|Ph.D Thesis||Department of Industrial Engineering and Management|
|Supervisor:||Dr. Kurland Oren|
|Full Thesis text|
We live in a special age where almost every piece of information one can think of is available to us at a touch of the keyboard and a click of the mouse. However, the massive volume of digitized information that humanity has accumulated is a double-edged sword. While it may be beneficial to us as users to have more information at our disposal, it can create challenges for search engines to identify that relevant “needle” in the electronic haystack.

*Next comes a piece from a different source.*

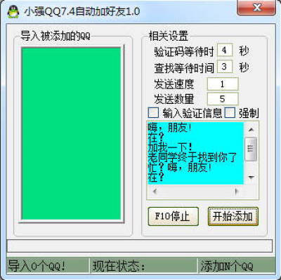 小强QQ自动加好友绿色版是一款简单易于使用能够帮助各位朋友进行批量加QQ好友的软件。使用这款软件添加好友可以实现直接绕过QQ验证,直接加对方为好友。新版在原有的基础添加了强制功能,让您想加就加,实在是营销推广的神器。

One such challenge is that many documents are long and topically diverse; e.g., those on the Web. Specifically, such documents could contain information relevant to an information need expressed by a query, and at the same time, contain much non-relevant information. A possible approach to addressing this challenge is to infer relevance based on smaller units of text within the documents, passages, and use this inference in the overall document-relevance estimation process.
In this thesis we first present the potential merits of utilizing passages for ranking documents by their presumed relevance to an information need expressed by a given query while having (minimal) relevance information. We also present a practical novel method for ranking documents using passages within these settings.
We then present novel passage-based methods for ranking documents given a query without the use of relevance feedback information; i.e., the ad hoc retrieval task. We present a probabilistic retrieval model that integrates information induced from the document as a whole and from its passages. Specifically, document-query similarities, passage-query similarities, inter-passage-similarities, and inter-document similarities, are integrated in our model.
Another method that we propose takes advantage of an additional source of information: clusters of similar documents. Using information induced from query-specific clusters, that is, clusters created from top-retrieved documents, was shown to be very effective in the document ranking task. We show that integrating the two sources of information? clusters and passages ? can yield performance that is superior to that of using each alone.
Empirical evidence shows that the performance of our models is superior to that of (i) commonly used passage-based document ranking methods; (ii) a state-of-the-art pseudo-feedback-based approach; and (iii) a state-of-the-art term-proximity-based retrieval model.
In a slightly different vein, we propose a novel performance prediction model for passage-based retrieval used in question answering systems. Our model utilizes named entities to estimate the probability that the retrieved list contains the correct answer. We show that this model yields prediction quality higher than that of various reference comparisons.